Anton Ekeroth

Personal information
- Full name: Anton Noah Christian Ekeroth
- Date of birth: 16 September 2001 (age 24)
- Height: 1.81 m (5 ft 11 in)
- Position: Left back

Team information
- Current team: Sigma Olomouc

Youth career
- –2021: Kalmar FF

Senior career*
- Years: Team / Apps / (Gls)
- 2020: → IFK Berga (loan) / 2 / (0)
- 2021: → Oskarshamns AIK (loan) / 25 / (1)
- 2022–2023: AFC Eskilstuna / 41 / (2)
- 2023–2024: AC Horsens / 29 / (0)
- 2024–2026: Hamkam / 46 / (2)
- 2026–: Sigma Olomouc / 0 / (0)

= Anton Ekeroth =

Swedish footballer (born 2002)

Anton Ekeroth (born 16 September 2001) is a Swedish footballer who plays as a left back for Sigma Olomouc in the Czech Czech First League.

Ekeroth started his youth career in a small club. He played youth football for Kalmar FF, being loaned briefly to IFK Berga in 2020 while mostly playing for Kalmar's P19 Allsvenskan team. In 2021 he spent the entire season on loan to Kalmar's cooperation club Oskarshamns AIK.

He then moved to Superettan and AFC Eskilstuna in 2022. His first Superettan goal secured one point against Östersund in August 2023.
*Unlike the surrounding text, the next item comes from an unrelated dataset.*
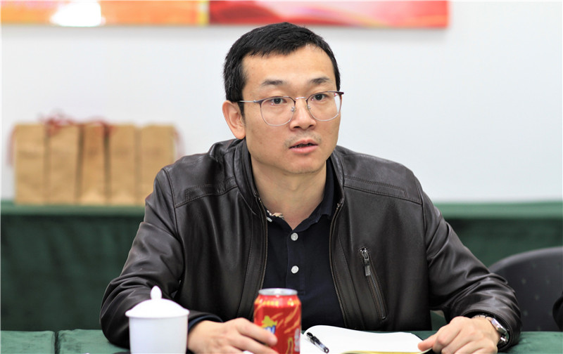 图为吉邦电子董事长陈毅力介绍企业发展现状

Shortly after that, he moved to the newly relegated club AC Horsens in the Danish 1st Division. He immediately became a starting player for Horsens. Shortly after the start of the 2024–25 Danish 1st Division, Ekeroth was bought by Hamkam in Norway. Ekeroth was determined to grab the chance to play in a first-tier league.